Just because you chose not to take certain steps does not mean you put the animal down. Allow the cat/dog/elephant to tell you if and when she needs help leaving this world. Put aside your own feelings and sit very quietly with your friend, talk to her as though she was a person and ask her help. Ask what she wants and needs (unfortunately they may not be the same thing). Allow her to guide you. Know the difference between discomfort and true lasting pain. And allow your nephew to be a part of this. Do not exclude him because you want to save him the "hurt." You will prevent him from giving and receiving true love, the love an animal gives us unconditionally.

Have no regrets about Cricket. We all question ourselves but act with true love for the critter entrusted to your care and not to make things easier for yourself. I promise you, it would have been a lot easier for me to have done what the specialists wanted with Kitty but it would not have been an act of love. Luckily, I have a set of vets that understand the value of life as well as quality of life (I wish a lot of physicians understood this) and we talked about what each of us would want in the situation. Perhaps that is what you need to do, ask Stretch to help you understand what you would truly want.
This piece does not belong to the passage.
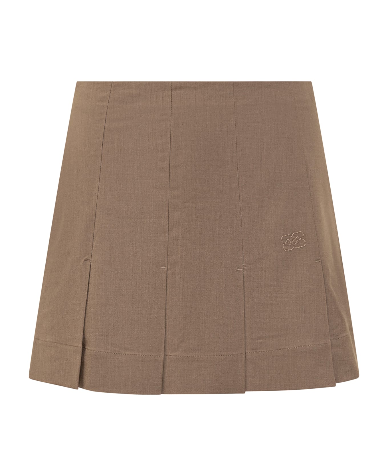Mini skirt with pleats. Closure with side zip and strap. Embroidered Ganni Butterfly logo on the front. Composition: 48% Viscose, 47% Polyester, 5% Elastane
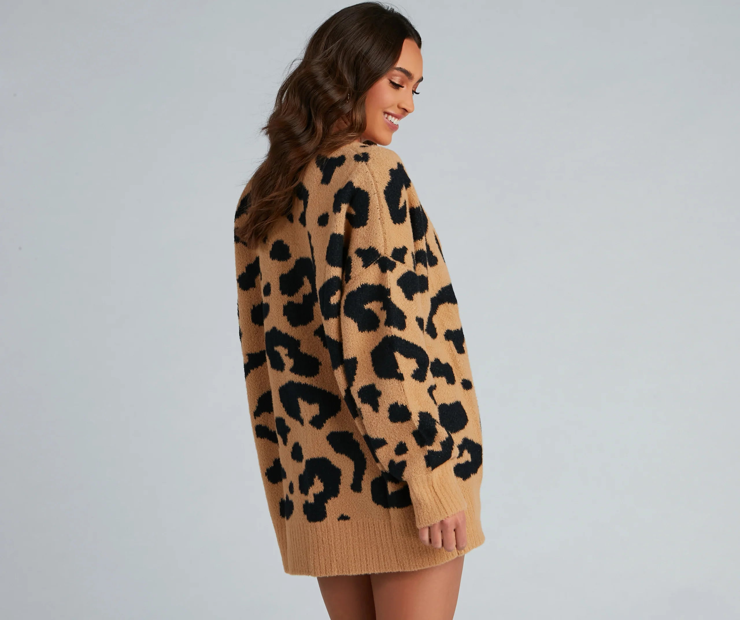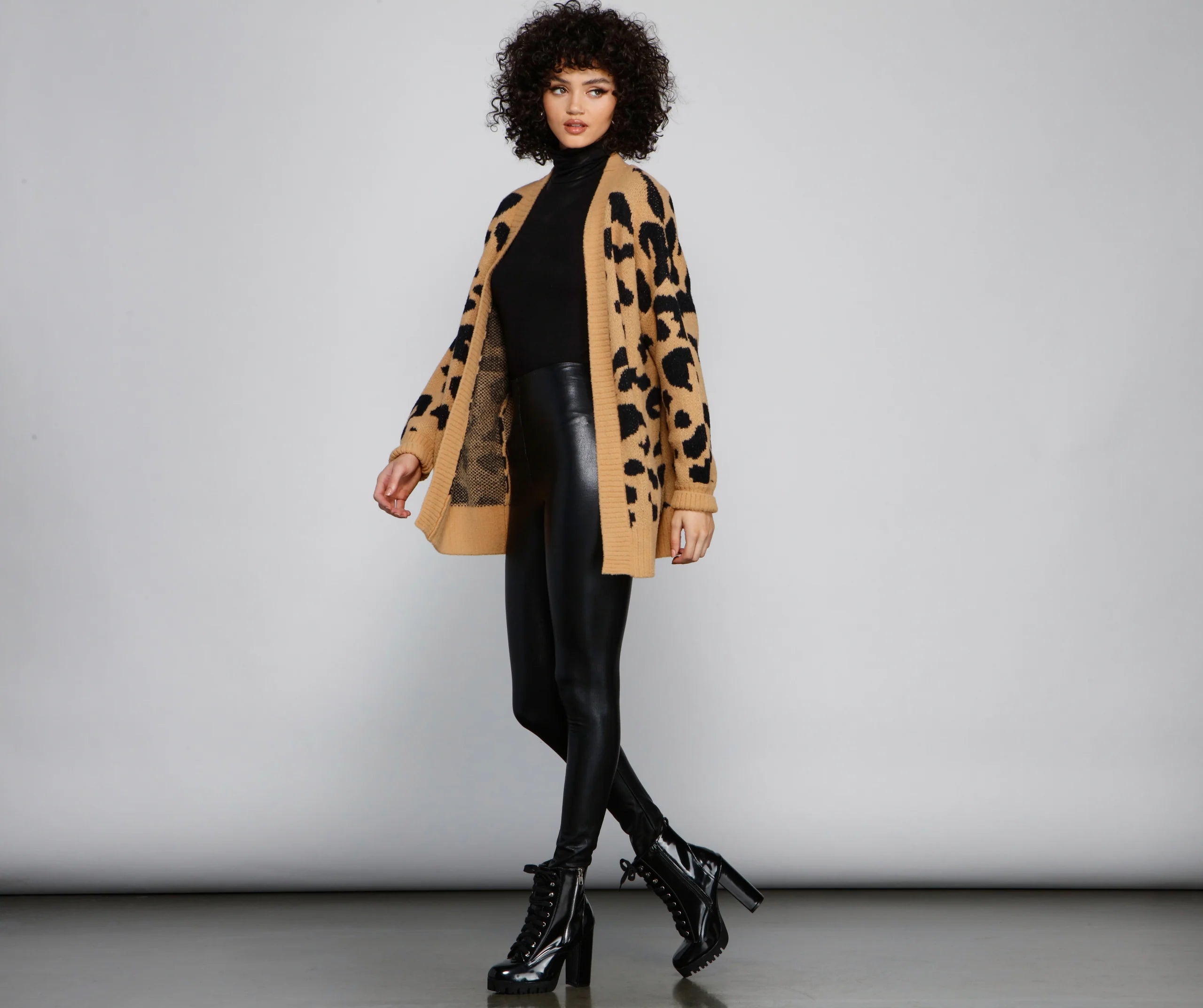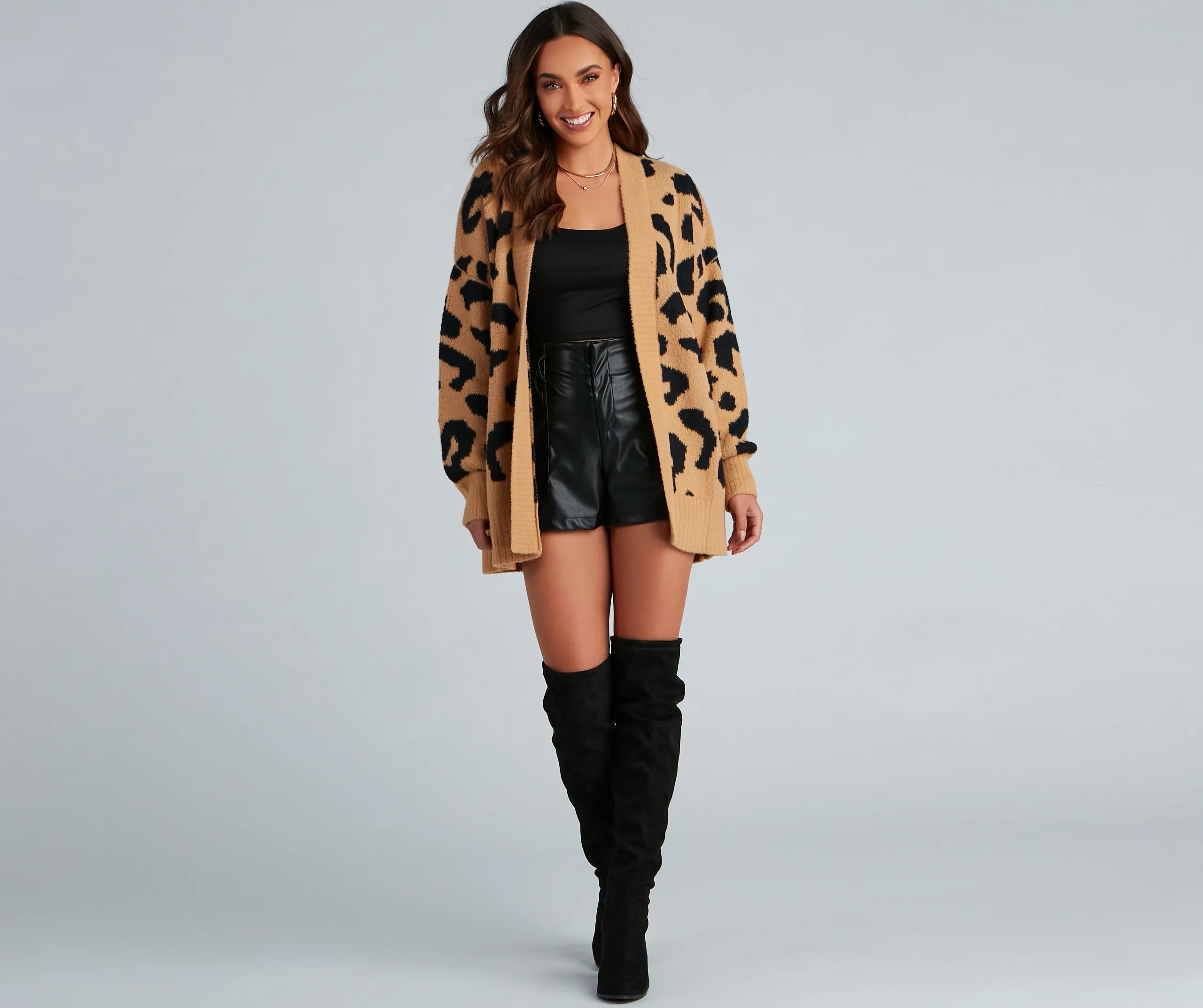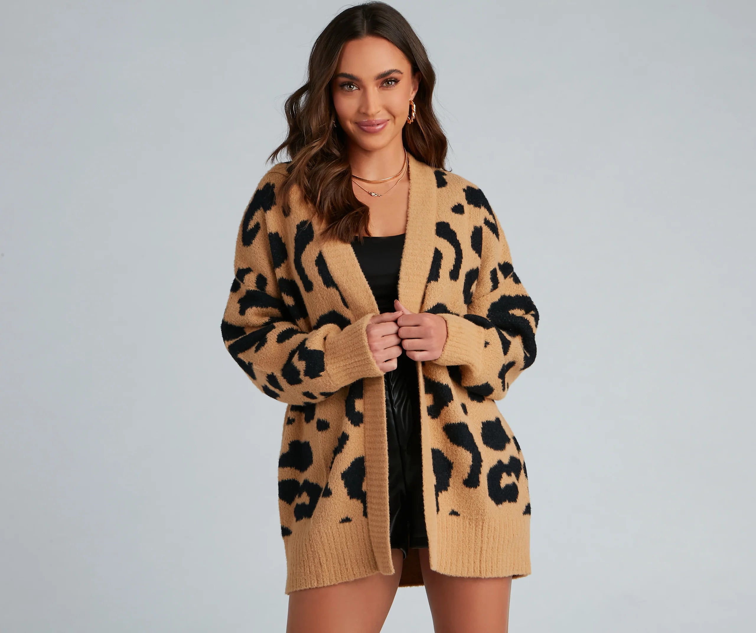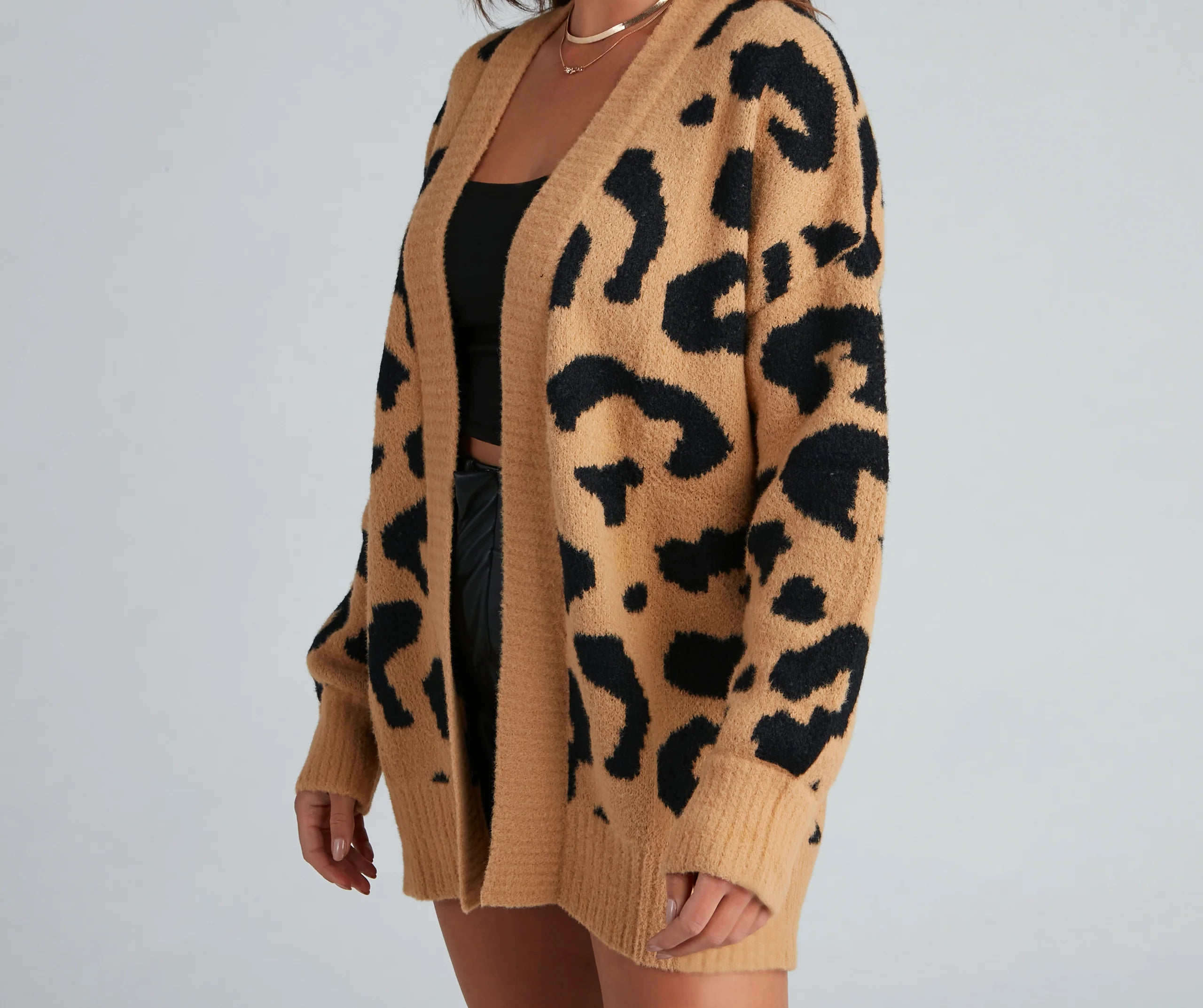 Layer on the cozy vibes with this trendy leopard print cardigan. It features long sleeves, an open front, ribbed hems, and a relaxed and comfortable fit. The fuzzy knit fabric offers a moderate stretch. Style this cardigan with a basic tee and dark wash denim.

Maybe that is her special job on earth.

My prayers are with you and I am asking my angels to help you, your nephew and your four legged friends who have been, are, and will be.

----- Original Message ----- From: "wendy" <[EMAIL PROTECTED]>
To: <felvtalk@felineleukemia.org>
Sent: Wednesday, January 04, 2006 9:52 AM
Subject: Marylyn


Marylyn,

Thank you for the advice.  I hadn't thought to ask
Stretch what she wants, and will do that tonight.  I
don't know how much I will understand from her (or her
me) without using a communicator, but maybe I will get
lucky.  She has been really good about taking the food
I have fed her twice now, although this morning she
wasn't as happy about it.  Maybe that is a good sign
though; maybe the food is making her feel better.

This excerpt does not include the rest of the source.